Reinforcement Learning for Cyber-Physical Systems: with Cybersecurity Case Studies was inspired by recent developments in the fields of reinforcement learning (RL) and cyber-physical systems (CPSs). Rooted in behavioral psychology, RL is one of the primary strands of machine learning. Different from other machine learning algorithms, such as supervised learning and unsupervised learning, the key feature of RL is its unique learning paradigm, i.e., trial-and-error. Combined with the deep neural networks, deep RL become so powerful that many complicated systems can be automatically managed by AI agents at a superhuman level. On the other hand, CPSs are envisioned to revolutionize our society in the near future. Such examples include the emerging smart buildings, intelligent transportation, and electric grids.
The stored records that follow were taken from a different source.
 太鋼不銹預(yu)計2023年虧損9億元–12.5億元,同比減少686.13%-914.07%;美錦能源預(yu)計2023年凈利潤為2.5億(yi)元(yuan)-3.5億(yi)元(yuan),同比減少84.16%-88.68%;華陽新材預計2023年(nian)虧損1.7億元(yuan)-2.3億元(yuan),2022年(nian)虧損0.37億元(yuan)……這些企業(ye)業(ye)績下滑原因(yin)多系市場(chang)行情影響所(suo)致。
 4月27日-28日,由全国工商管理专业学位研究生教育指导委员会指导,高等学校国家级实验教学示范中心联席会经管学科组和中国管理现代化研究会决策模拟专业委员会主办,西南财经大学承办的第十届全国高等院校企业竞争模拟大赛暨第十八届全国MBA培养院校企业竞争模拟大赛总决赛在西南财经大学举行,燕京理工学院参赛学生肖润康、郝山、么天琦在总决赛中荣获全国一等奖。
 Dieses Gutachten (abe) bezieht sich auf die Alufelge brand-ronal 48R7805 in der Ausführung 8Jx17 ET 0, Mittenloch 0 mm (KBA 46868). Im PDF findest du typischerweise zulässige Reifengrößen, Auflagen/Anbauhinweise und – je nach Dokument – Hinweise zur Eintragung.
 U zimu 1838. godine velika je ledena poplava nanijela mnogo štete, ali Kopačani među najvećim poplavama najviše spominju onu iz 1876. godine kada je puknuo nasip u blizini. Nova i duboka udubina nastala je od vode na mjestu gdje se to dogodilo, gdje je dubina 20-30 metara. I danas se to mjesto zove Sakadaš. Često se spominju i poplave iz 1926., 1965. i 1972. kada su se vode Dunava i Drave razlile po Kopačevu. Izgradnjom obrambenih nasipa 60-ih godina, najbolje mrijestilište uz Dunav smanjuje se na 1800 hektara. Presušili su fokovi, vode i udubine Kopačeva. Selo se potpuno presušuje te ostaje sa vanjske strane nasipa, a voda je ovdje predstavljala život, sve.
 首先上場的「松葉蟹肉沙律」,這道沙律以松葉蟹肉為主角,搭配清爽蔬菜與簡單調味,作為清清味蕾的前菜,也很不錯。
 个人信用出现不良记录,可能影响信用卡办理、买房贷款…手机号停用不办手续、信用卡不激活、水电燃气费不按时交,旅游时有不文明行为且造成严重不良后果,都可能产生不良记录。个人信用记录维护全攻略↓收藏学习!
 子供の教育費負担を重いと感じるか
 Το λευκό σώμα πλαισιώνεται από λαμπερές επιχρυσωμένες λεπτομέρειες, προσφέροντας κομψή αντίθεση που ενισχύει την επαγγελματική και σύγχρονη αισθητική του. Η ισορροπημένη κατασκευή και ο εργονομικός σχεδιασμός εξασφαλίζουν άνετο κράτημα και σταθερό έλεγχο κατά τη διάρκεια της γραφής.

However, the conventional hand-programming controller in CPSs could neither handle the increasing complexity of the system, nor automatically adapt itself to new situations that it has never encountered before. The problem of how to apply the existing deep RL algorithms, or develop new RL algorithms to enable the real-time adaptive CPSs, remains open. This book aims to establish a linkage between the two domains by systematically introducing RL foundations and algorithms, each supported by one or a few state-of-the-art CPS examples to help readers understand the intuition and usefulness of RL techniques.
Features
Introduces reinforcement learning, including advanced topics in RL
Applies reinforcement learning to cyber-physical systems and cybersecurity
Contains state-of-the-art examples and exercises in each chapter
Provides two cybersecurity case studies
Reinforcement Learning for Cyber-Physical Systems with Cybersecurity Case Studies is an ideal text for graduate students or junior/senior undergraduates in the fields of science, engineering, computer science, or applied mathematics. It would also prove useful to researchers and engineers interested in cybersecurity, RL, and CPS. The only background knowledge required to appreciate the book is a basic knowledge of calculus and probability theory.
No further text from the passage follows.